Scoble reports that his A-List friends have noticed a decrease in site traffic that may be due to Facebook, MySpace and other social network sites and that I am NPG at these social networking sites. Boo hoo.
Robert means I am Non Persona Grata at Facebook because I am too old. Hey, when I was 22yrs old, I viewed 27yr olds as ancient has-beens. So being on the wrong side of 35 means I’m a dinosaur?
Am I?
Click on the links to go read what the hoo-haa is all about.
[LINKS]: Robert Scoble , Hugh Macleod’s Gapingvoid
While over at Hugh’s place, he says that we would be…
“…far better off going off to somewhere like Facebook and building your own social network with like-minded folk, based on your own collective interests, your own collective passions and own collective sense of merit, than loitering around the Blogopshere, waiting for some rockstar like KAwasaki, Scoble, Arrington, Cory etc to link to you… and hoping in vain that the latter will somehow transform your life. It won’t.”

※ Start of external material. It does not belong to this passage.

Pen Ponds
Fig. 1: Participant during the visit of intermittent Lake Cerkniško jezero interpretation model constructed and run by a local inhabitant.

Hugh, it isn’t really about getting a link from an elite blogger or about life transformation due to being linked to. It’s about obtaining insight into what sets a great blogger apart from the rest. It’s about making a difference to one’s skills as a writer of good blogs. It’s about learning how to compose an article that reads well and possesses the content and other good format techniques that make articles like yours and your peers such great reading. We want our audience to recognise good writing craft and great penmanship in us too.

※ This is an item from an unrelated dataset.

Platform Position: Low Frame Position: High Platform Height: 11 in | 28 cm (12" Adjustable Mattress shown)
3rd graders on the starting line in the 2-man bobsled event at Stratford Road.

A-Listers like Godin, Macleod, Kawasaki, Cory, Scoble, Searls, Tebbut, Stibbe, Dodds etc are fundamental to this goal and the skills they have are those abilities that most bloggers I know of, aspire to and are desirous of. Also, most bloggers I know are not of a bunch of A-List groupies wanting to pester and leech you dry.
iScatterlings interacts with wonderful people around the world and holds them in high regard. They are not celebrities in the realworld meaning of the word but what they do and write about is fully deserving of superstar status.
For example:
Take Champers as an example. Here is a woman whose life is devoted to two things: AIDS/HIV prevention and dancing on tables when bladdered! Champers lets off steam big style. And who can blame her when her day is end to end death by AIDS. Besides these two passions, she writes articles at her blog that are just so good. Champers devotion to her lifeswork of caring and preventing AIDS/HIV from creating more orphans, is worthy of a Nobel prize. Her writing too is a hallmark of excellence to us all.

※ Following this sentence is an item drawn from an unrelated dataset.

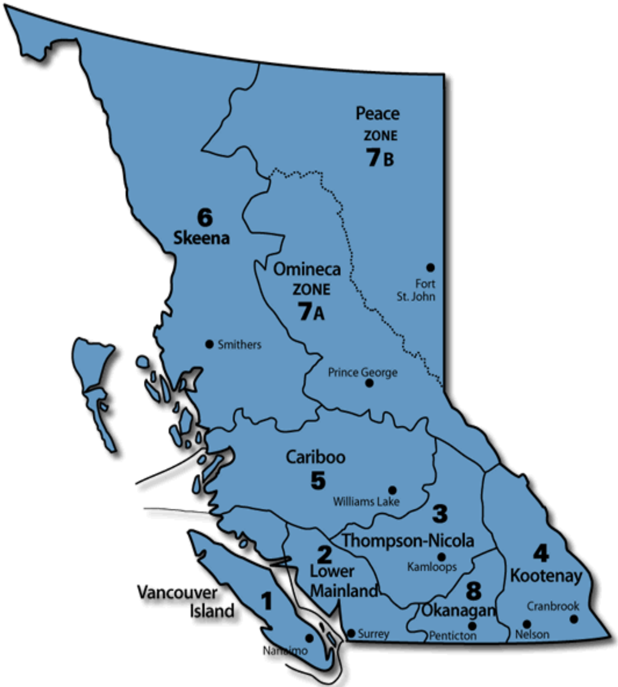
Figure 2. Regional boundaries for background soil determinations

Then there is Rachie, a beautiful young woman from UK at Living For Disco who is now based at Windhoek in Namibia. Rachie is a VOS voluteer, devoting her life to preventing poverty and disadvantage among the peoples of Namibia. Her blog is astounding. Her skills enormous and her work is maybe way beyond the comprehension of the DnGers at Facebook and other social networks. Does she care about joining Facebook? I doubt it but she is of the age group that can.
Next is Michelle at Seeking Serenity. A young single mother struggling with life, earning a buck, fixing the Landy while mindful and very attentive to her parental responsibilities toward her teenage son. But she is having fun on the way and writing her way into our hearts. Again, here is a person who draws a large readership and maybe also does not care about social networks. But is imminently eligible.
And also Merja at Girl Uncovered based in northern Namibia. Merja writes it as she see and speaks it. Magnificant stuff. No hold barred. A true blogging star in the making and I think not fussed about Facebook.
In juxtaposition all the gents I mentioned at the start write about marketing, techie, Web 2.0, branding and stuff that doesn’t mean a heap of crap to a HIV/AIDS victim, a struggling single parent in South Africa, or a volunteer in Namibia and a budding Enigma in northern Namibia. Who ultimatley cares about Web 2.0 celebrity? Not my A-Listers. They are too busy engaging in life’s important issues. As for me? I am happy where I am doing what I do.
I suspect what you do represent to my A-List ladies is probably a hope that by learning from you all then a possibility exists for them to get millions of people to read their works. All of you gentlemen and ladies who are bloggers stars, are important to all of us. Please don’t dismiss this or us so easily. We are here to stay and need your inspiration. Don’t deprive us of hope.
Whether the A-List is here or not is immaterial. To those that you inspire, they will always read you. But I do not think it will go as far as idolisation, crying for a lock of your hair or kneeling at your feet!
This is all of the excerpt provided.